Draco apenas deu de ombros, nem tinha pensado no que tinha feito, apenas fez. Ficou olhando para Hermione, nunca tinha reparado, mas ela era até bonitinha, - pensou Draco -para uma sangue-ruim, é claro. Harry abaixou-se, mas ficou envergonhado de tocar na perna da amiga. Draco, revirando os olhos, disse:
- É só uma torção, Potter. Sai da frente. - Puxou a varinha e apontando para a perna da garota, disse: - Asclépio. O tornozelo da menina foi desinchando até voltar ao aspecto normal. Ela colocou-se de pé e sorriu para Draco:
- Obrigada de novo, Malfoy.
- Se eu não ajudasse, a gente não saia daqui, não é? - disse Draco irritado, mas estava irritado com ele mesmo. - Vamos logo!
Voltaram a andar e logo encontraram a parede no fim da gruta. Tatearam a parede e localizaram a décima pedra. Era enorme. Harry e Rony se entreolharam, como iriam afastá-la dali. Tudo bem que eles eram jovens e possuíam um excelente vigor físico, mas a pedra parecia bastante pesada, até mesmo para dez deles.
- Como vamos tirá-la daí? - perguntou Harry. Draco disse:
- Vocês são bem tapados, hein? - e empurrando-os para fora do caminho, disse apontando a varinha para a pedra: - Mobililapis .
A enorme pedra começou lentamente a se mover até abrir uma pequena passagem, passagem que dava exatamente para uma pessoa passar de cada vez.
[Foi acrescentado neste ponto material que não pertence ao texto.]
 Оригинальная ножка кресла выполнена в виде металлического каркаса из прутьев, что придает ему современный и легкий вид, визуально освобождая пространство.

Logo a gruta foi iluminada pelo luar. Draco foi o primeiro a passar, seguido por Harry, Rony e Hermione. Eles se depararam com um belo jardim florido. O lugar era realmente encantador, e por alguns instantes eles se esqueceram que estavam na Floresta Proibida. Olharam ao redor e viram que estavam cercados por diversos unicórnios de vários tamanhos, mas todos extremamente brancos. Um unicórnio se aproximou, até chegar bem próximo de Draco. Era o menor de todos
- Como vai. - O pequeno unicórnio relinchou em resposta a Draco. Hermione tentou se aproximar - Pode vir, ele ainda não tem medo de nós. Quando eles crescem não confiam muito. Mas este ainda é um filhotinho.
- Eu não vejo nenhum unicórnio negro por aqui. - disse Harry olhando em volta.
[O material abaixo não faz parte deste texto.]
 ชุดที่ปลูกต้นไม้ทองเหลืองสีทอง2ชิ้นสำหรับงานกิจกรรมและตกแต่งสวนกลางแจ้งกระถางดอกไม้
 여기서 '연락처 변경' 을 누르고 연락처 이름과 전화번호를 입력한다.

- Mas deve existir um, né? Quer dizer, o Firenze disse que o unicórnio negro tinha que confiar na gente...
- E agora, o que vamos fazer?
Os quatro começaram a olhar ao redor. Era um imenso jardim. Deveria ter uma porção de unicórnios por ali. Tudo bem que localizar um unicórnio negro no meio de tantos brancos seria fácil, mas... por onde começar? Foram andando, até encontrarem uma rocha negra que brilhava contra o luar. Aproximaram-se do local e entreolharam-se. Havia uma inscrição no chão, bem em frente à rocha. Harry olhou para os amigos.
- E se o tal unicórnio negro for uma forma de expressão. - disse voltando a olhar a rocha a sua frente.